XVII

El mundo no es diferente a una piedra preciosa, no hay nada que no sea precioso, único, centelleo donde lo invisible y lo visible intercambian sus papeles, cambian a cada instante según la posición y la dirección de la mirada del observador atento. En el examen de gemas, en las aguamarinas, aparecen líneas fantasma, líneas que son visibles un momento y desaparecen al momento siguiente, como si nunca hubieran existido, juego de la presencia y la ausencia. En el zircón, debido al calor, las grietas de tensión irradian desde el cristal y emiten radiaciones, volcán en miniatura. Lo invisible no es otra cosa que lo visible, es la PLENITUD de la cosa misma, inabarcable, dosificada en el tiempo, la RELACIÓN completa, el punto de reposo y dispersión de todo lo visible, el punto de entrecruzamiento, despojamiento, la línea de fractura que sostiene, recorre y divide el mundo al infinito. La cosa desnuda se aquieta, se vivifica, en un afuera fantasma que intuye sin poder ser, sin poder nunca acabar de ser, siempre diferente a si misma y diferente de una diferencia esquiva.
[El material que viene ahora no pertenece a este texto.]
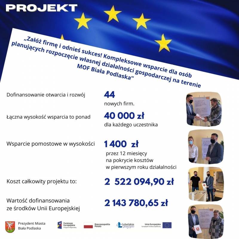 Uczestnicy realizowanego przez miasto projektu: „Załóż firmę i odnieś sukces! Kompleksowe wsparcie dla osób planujących rozpoczęcie własnej działalności gospodarczej na terenie MOF Biała Podlaska” współfinansowanego ze środków Europejskiego Funduszu Społecznego, zostali przeszkoleni i przygotowani do prowadzenia własnej działalności gospodarczej, opracowali biznesplany i wystartowali w konkursie o unijne pieniądze.

Persigue el sueño de su propia existencia, la pesadilla recurrente, hasta el final, hasta no poder más, imagen ígnea que lleva a los límites de los real.

XVI

Está comiendo frente a la mesa. Mastica la comida de forma casi automática, con rapidez. Nada reclama su atención; el tiempo transcurre con monotonía. Hasta que observa una sombra móvil, oscilando con un ligero vaivén, casi rítmico, en el seno de una luz que destella, relampaguea en un armario blanco. No la había visto nunca. Quizá es la sombra de una rama agitada por el viento, una hoja, la ropa tendida al sol. Cuando, por mera curiosidad, se gira e intenta interceptarla con la mano, la sombra desaparece como un fantasma. Un instante después, se olvida de ella; vuelve a adoptar la misma postura y sigue comiendo. Como por arte de magia, la sombra vuelve a aparecer, con los mismos movimientos en parte gráciles y en parte pesados. Ahora lo tiene claro. La sombra no es otra cosa, no viene del exterior, es él mismo; está viendo la imagen en negativo de sus mandíbulas al masticar. Está viendo SU imagen, asiste a la contemplación de aquello que no puede ver, la apariencia propia, gracias a la acción de la luz que penetra en el interior. Ha sido necesario un elemento exterior, la intervención del afuera, para romper la sucesión monótona del tiempo, quebrar el espacio, y poder VER ALGO, poder verse por primera vez. Así pues, existe, y el mundo existe, y existe porque el mundo existe. Vuelta al origen, reconstruye la escena original hilvanada por el azar. Ha sido así. La luz entra por el quicio de la puerta, a la altura de una de las bisagras; se proyecta en diagonal en la habitación e incide en el armario blanca. Su cara está justo colocada en el punto, en el ángulo exacto, para que, a modo de cuerpo oscuro, su interposición proyecte la sombra de los movimientos de la boca al comer. La luz revela el cuerpo, pone de manifiesto la existencia. Es una revelación. El mundo toma una fotografía de un momento banal de su existencia, banalidad que está superpuesta a una interferencia única y singular, a una contingencia imposible de prever. Es el testimonio privilegiado de un mundo que tiene sus propios planes, sus propias urgencias, que no nos necesita para nada, excepto quizá para revelarse a sí mismo. Somos los invitados temporales, los testigos de excepción, los observadores de un mundo sin límites, que perseguimos nuestra propia sombra. Sin éxito la mayoría de las veces. La regla general, de la generalidad impuesta, es no ver nunca dónde estamos, la situación real en la que uno se encuentra, obviar lo inabarcable. El mundo, ser mundano, es una experiencia rara.